Understanding differences in firm responses to macroeconomic shocks is key for designing policy actions. This column identifies 67 macro shocks using ‘jump’ days in the US stock market over 2020-2022. It measures firm exposures using individual stock returns and, crucially, discussions of business risk factors in corporate filings. These exposures are largely uncorrelated for different shocks (such as pandemic and inflation shocks) and, collectively, account for most of the rise in cross-firm dispersion in the 2020 recession. The findings challenge the conventional explanations for countercyclical dispersion in firm performance during recessions.

Firm-level outcomes become more dispersed during economic crises, as in the recent pandemic-driven recession (Barrero et al. 2020, 2021). Policy actions also have uneven effects across firms and sectors (Ramey and Shapiro 1998, Galindo-Rueda et al. 2020, Farhi et al. 2021). To assess whether particular policy actions soften or amplify the uneven effects of macro shocks, we must understand how and why firms differ in their responses. We show in Davis et al. (2025) that ex ante observable differences in business characteristics explain a large part of the increased dispersion in revenue growth, employment growth, investment rates, and earnings surprises that follow macro shocks.

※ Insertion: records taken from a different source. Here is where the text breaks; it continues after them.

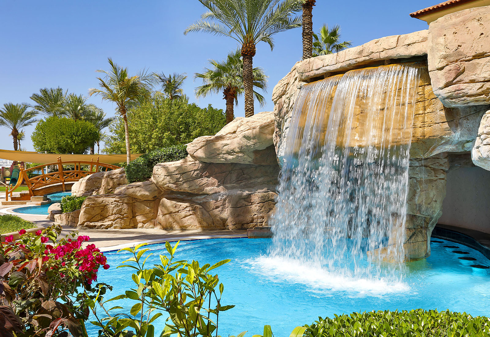Utsikt över trädgård, pool eller hav; soffgrupp, balkong eller terrass, marmorbad, ljuvligaste sänglinne; du bor som en sultan, vi lovar. Flera restauranger och barer lockar; lova att du provar Amaseena där du äter i beduintält på stranden med stjärnhimlen över dig och vågorna som frasar mot sanden.
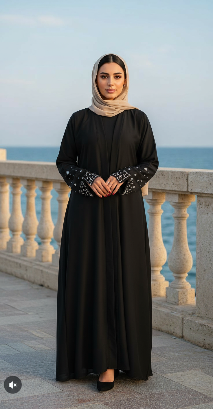 تألّقي بعباية تجمع بين الفخامة والبساطة، مصممة بخامة عالية الجودة تعطيك راحة في اللبس وأناقة في الظهور.
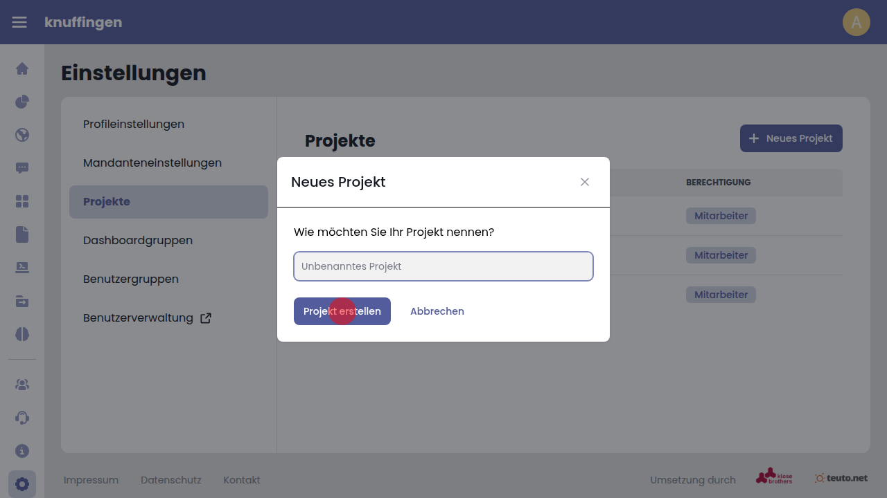 Über die Schaltfläche "Neues Projekt" kann ein neues Projekt angelegt werden, diese Aktion kann allerdings nur von einem Administratoren des Mandanten durchgeführt werden.
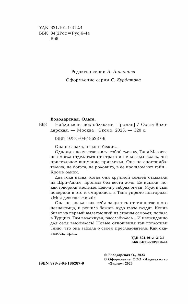 Книга: Найди меня под облаками (Володарская Ольга Геннадьевна); Эксмо, Редакция 1, 2023
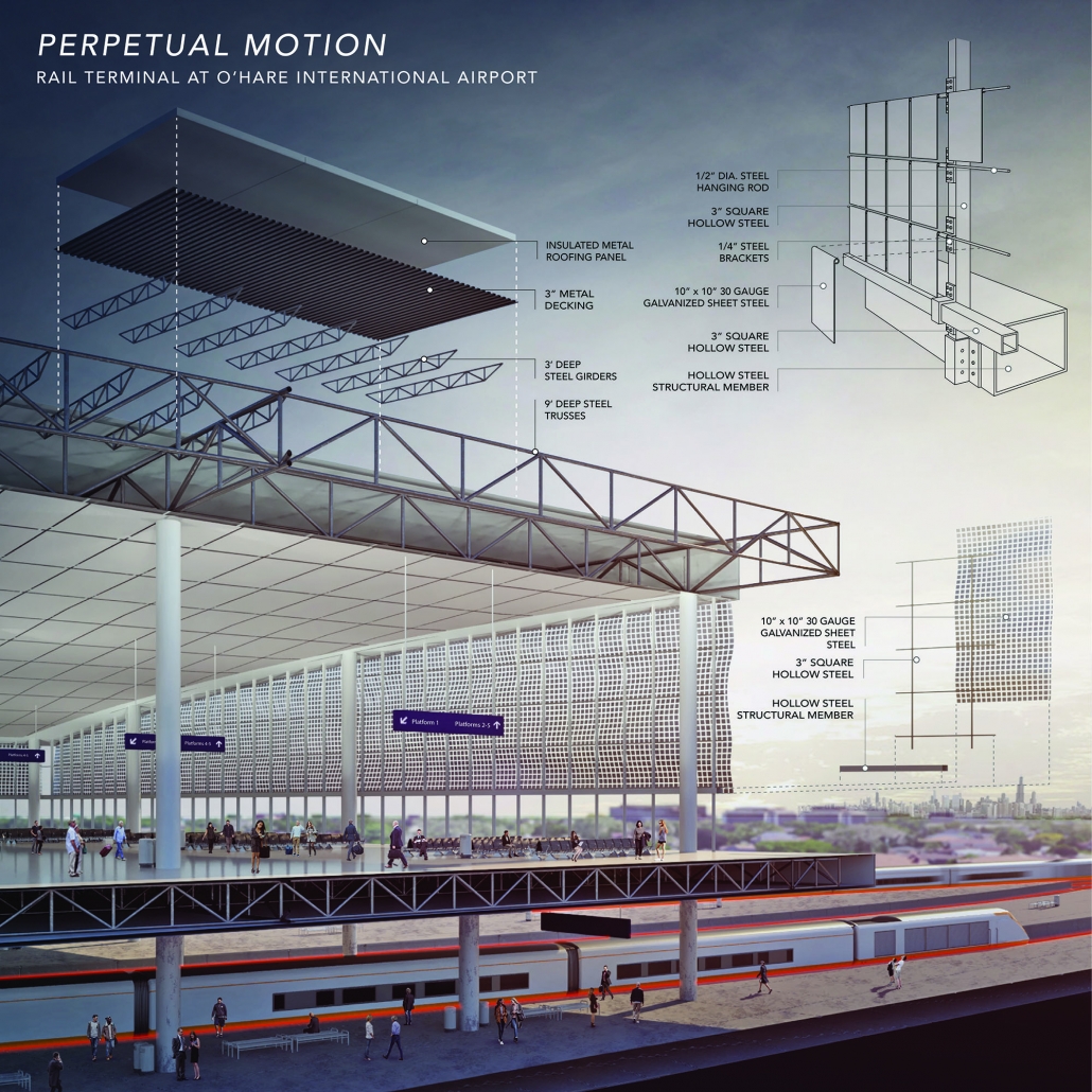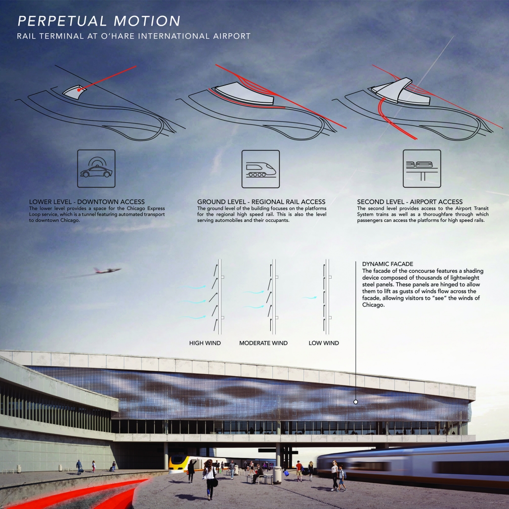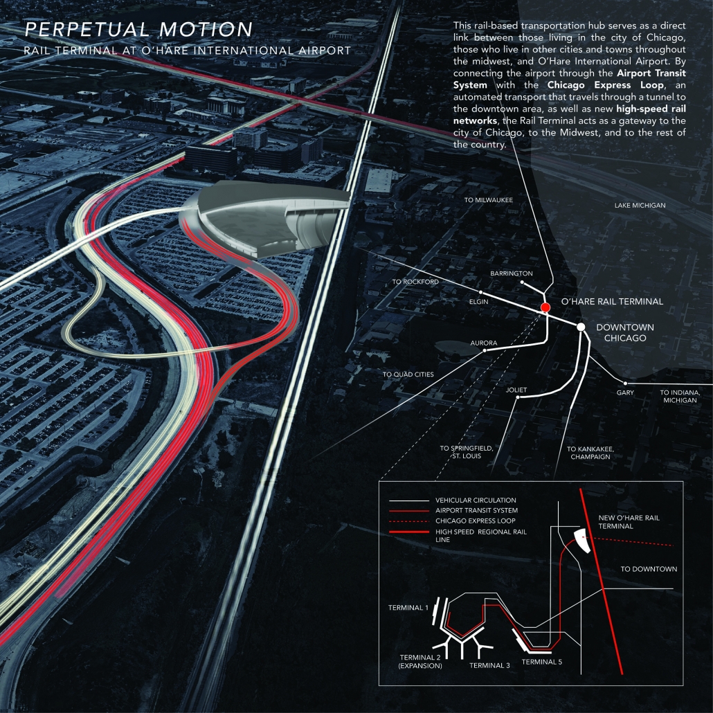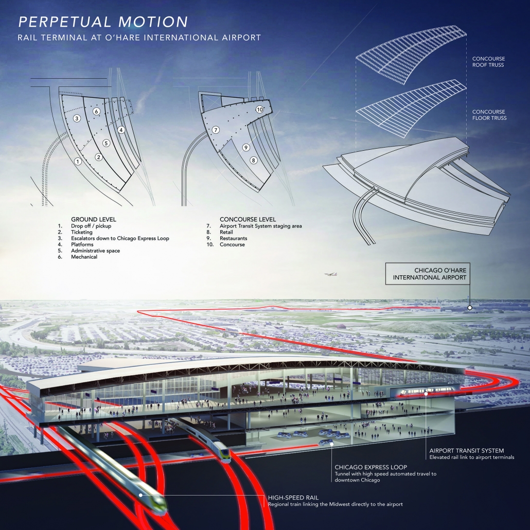 The Rail Terminal provides an intermodal transportation hub that connects three critical forms of transportation for the Chicago area. The first, the Airport Transit System, is a system of elevated rail lines that connect the Rail Terminal with the airport terminals of Chicago O’Hare International Airport. The lower levels of the building host the Chicago Express Loop, a new method of transportation developed by Elon Musk’s Boring Company, which would allow passengers to travel from O’Hare to downtown in just 12 minutes using automated vehicles that move through a tunnel. However, the main mode of transportation supported by the facility is high-speed rail. The design is driven by a connection to five train platforms, through which passengers will be able to access the suburbs of Chicago as well as major cities throughout the Midwest. Through these means of transportation, the Rail Terminal acts as a gateway to the city of Chicago, the Midwest, and to the rest of the country.
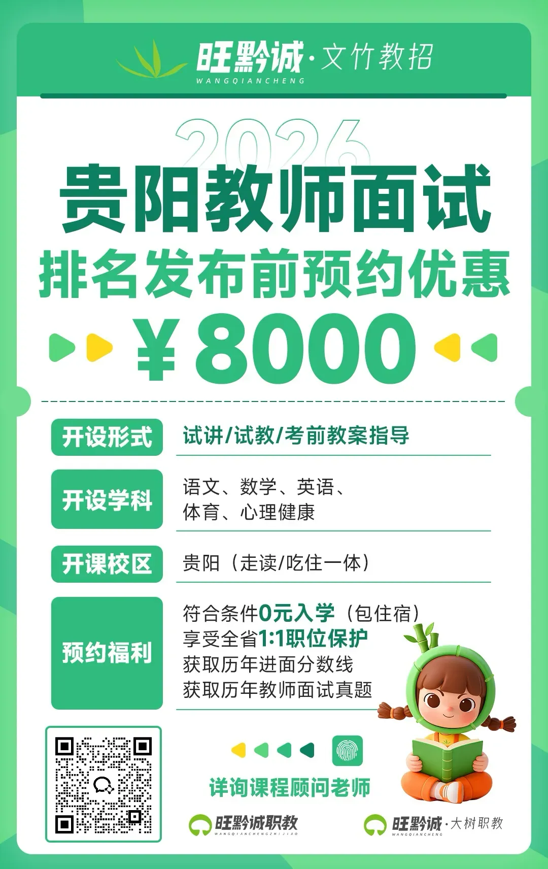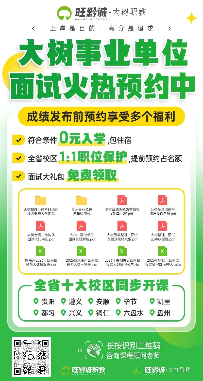 现在大树文竹教师面试课程正在预约中,扫描下方二维码联系课程老师咨询:
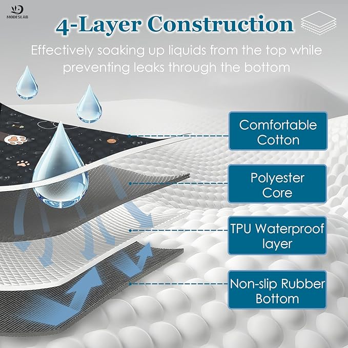 - Enhanced Comfort Design: The guinea pig bedding is crafted from 4 absorbent, quilted fabric that provides a soft, cozy surface while quickly absorbing urine. The bottom leak-proof backing, covered with rubber dots, ensures the bedding stays firmly in place without slipping, promoting a comfortable and hygienic environment for your furry friends
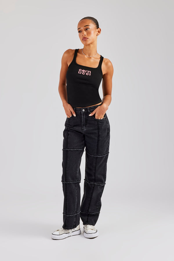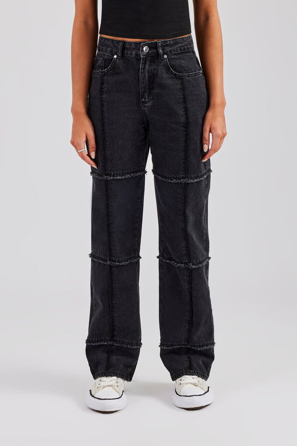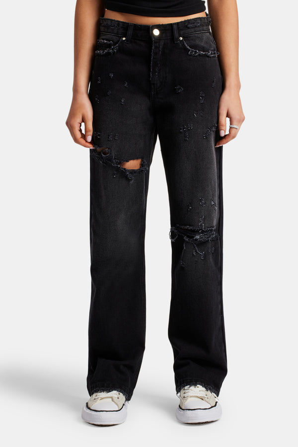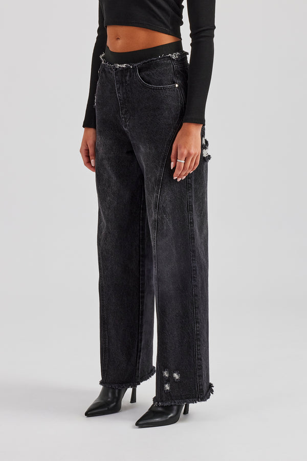 Baggy Low Waistbandless Detail Jean - Washed Black
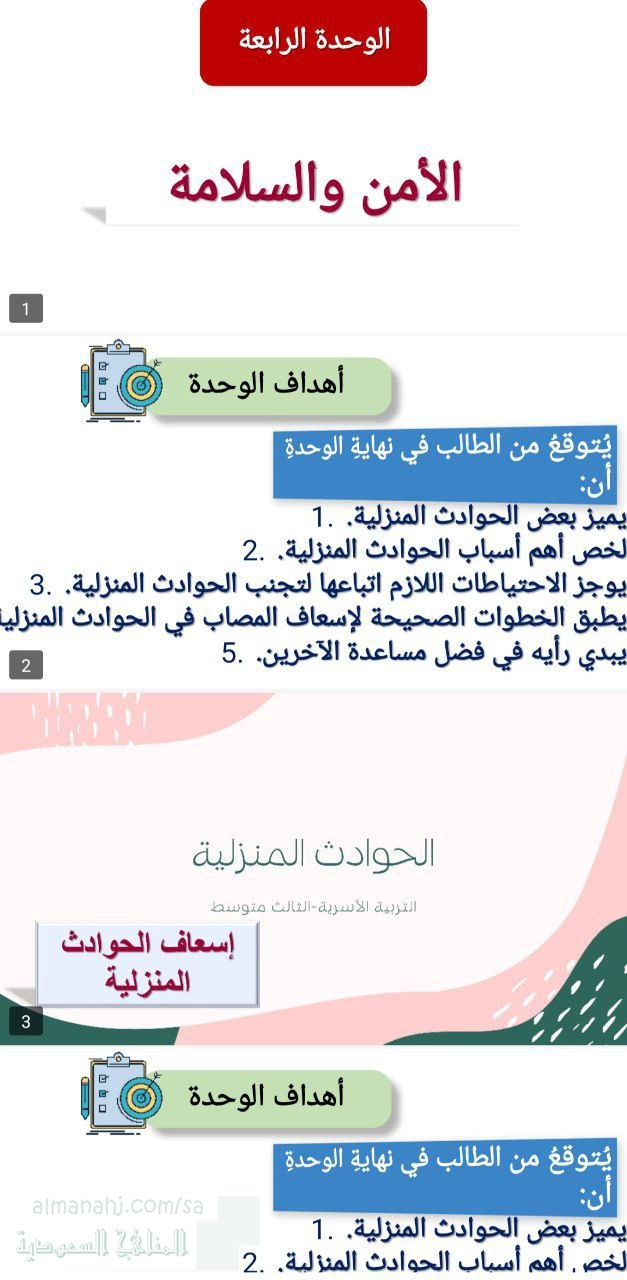 عرض بوربوينت الوحدة الرابعة الأمن والسلامة إسعاف الحوادث المنزلية 2, الصف الثالث المتوسط, تربية أسرية, الفصل الثاني, 1447_1448 هجري - المناهج السعودية
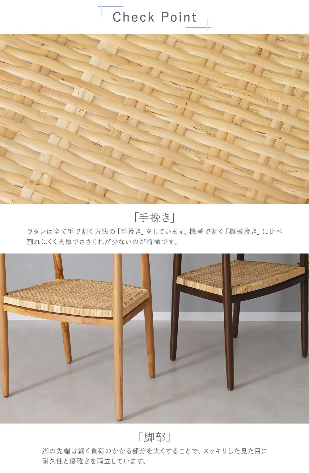 ■材質: 〈共通〉チークウッド[無垢材](本体)、PP[ポリプロピレン](脚裏) 〈張り地〉天然ラタン 本体 約W 64.5×約D 55×約H 82(cm) 梱包サイズ 約W 65×約D 81×約H 54(cm)(1脚) シートタイプ:天然ラタン/約9.2kg 重量 シートタイプ:天然ラタン/約6.1kg(1脚) 材質 〈共通〉チークウッド[無垢材](本体)、PP[ポリプロピレン](脚裏) 〈張り地〉天然ラタン 1.送料について…全国一律送料無料になります。 (北海道、東北へのお届けは別途送料がかかります。六本木ヒルズ等の一部建物、空港等の一部地域、建築工事現場、一部の海水浴場・片瀬海岸・海の家等にはお届け出来ない場合がございます。ご了承下さい。) ★1階車上でのお渡しとなります。恐れ入りますが荷降ろし・搬入は、お客様にてお願い致します。2.商品について…こちらの商品は新品ではありますが、輸入品につき多少のスリ傷等がある場合がございます。 ご検討の上、ご購入下さい。 設置場所に、搬入可能か、間口、廊下、エレベーター等のサイズは必ずご確認下さい。 配送後にイメージが違う、搬入できないという理由でのキャンセルの場合は、往復の送料をご負担して頂きます。また、商品を開封済みの場合は、商品代金の50%と往復の送料をご負担して頂きます。 よくご検討された上で、ご購入下さい。 3.クレーム品について…出荷時に、検品を致して出荷しておりますが 不具合による返品 商品交換をご希望されます場合は、画像添付の上 ご連絡をお願い致します。 商品交換の場合は、配達時の状態に梱包の上、車上までお持ち願います。商品をご確認・設置されますまでは、梱包材は保管願います。 梱包材をご希望の場合は、梱包材+送料をご請求させて頂きます。
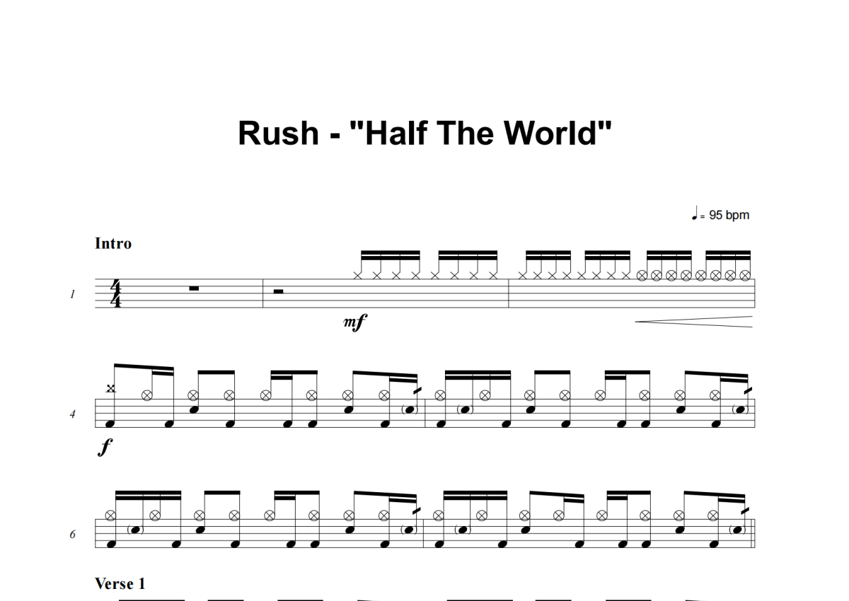 《Half The World》是Rush演唱的一首歌曲,这份架子鼓谱共有五张高清图谱,图谱由 @积极处世 编配上传,图谱使用五线谱编配,使用这份Half The World架子鼓谱,你将能够轻松地敲打出这首Rush的Half The World,快来尝试吧。
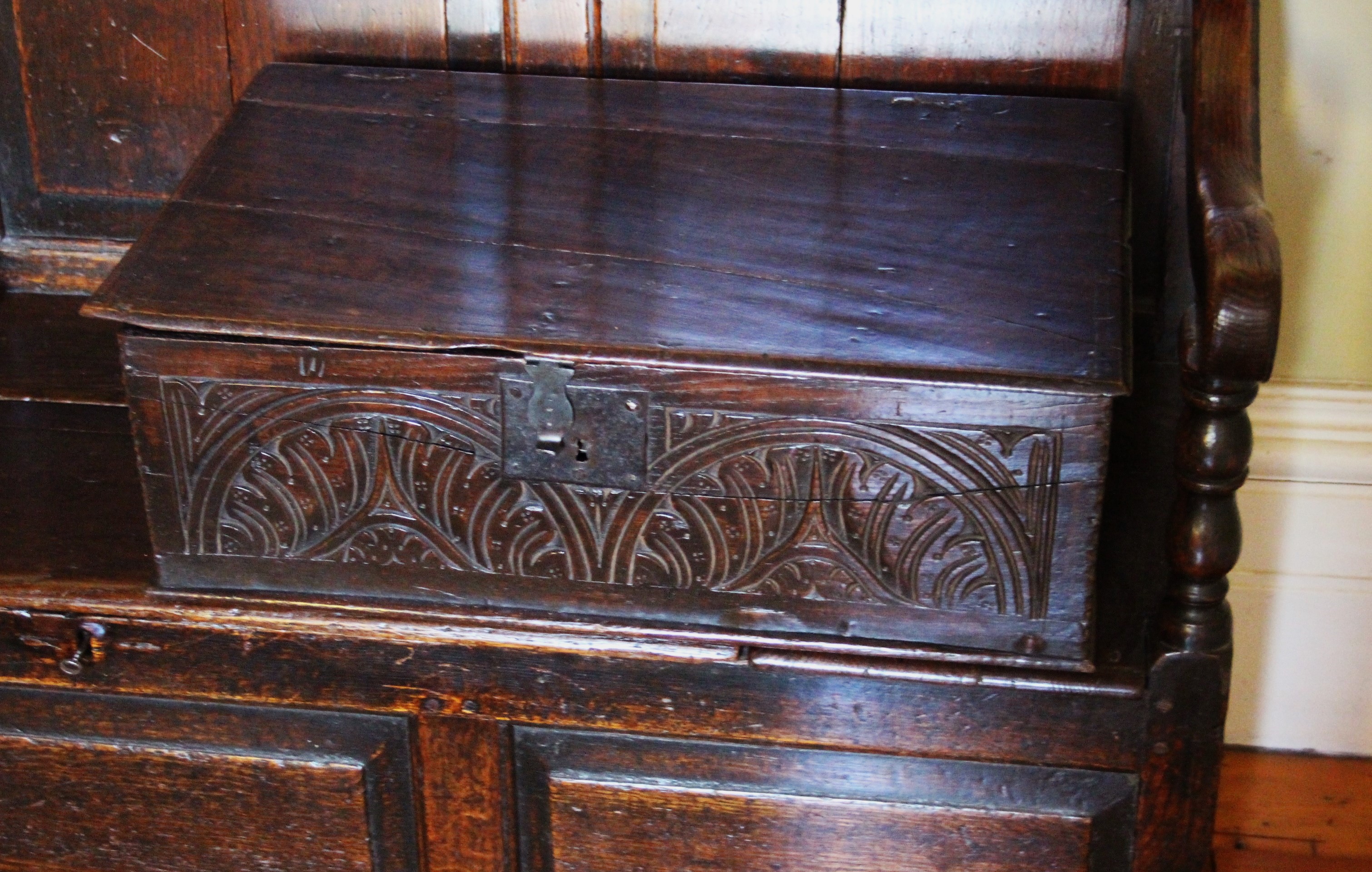 Charles II carved Oak Boarded Box, Somerset origin. Initials "WS"

Macro shocks and firm-level exposures

Our study considers various types of macro shocks that hit the US economy from 2020 to 2022. To identify shocks, we focus on ‘jump’ days when the US stock market rose or fell by more than 2.5%. By this criterion, the exceptionally volatile 2020-2022 period yields 67 daily stock market jumps. Following Baker et al. (2025), we categorise the jump dates based on the nature of jump-triggering news. This approach yields several types of macro shocks that include news about the pandemic, inflation news, monetary policy news, and fiscal policy news.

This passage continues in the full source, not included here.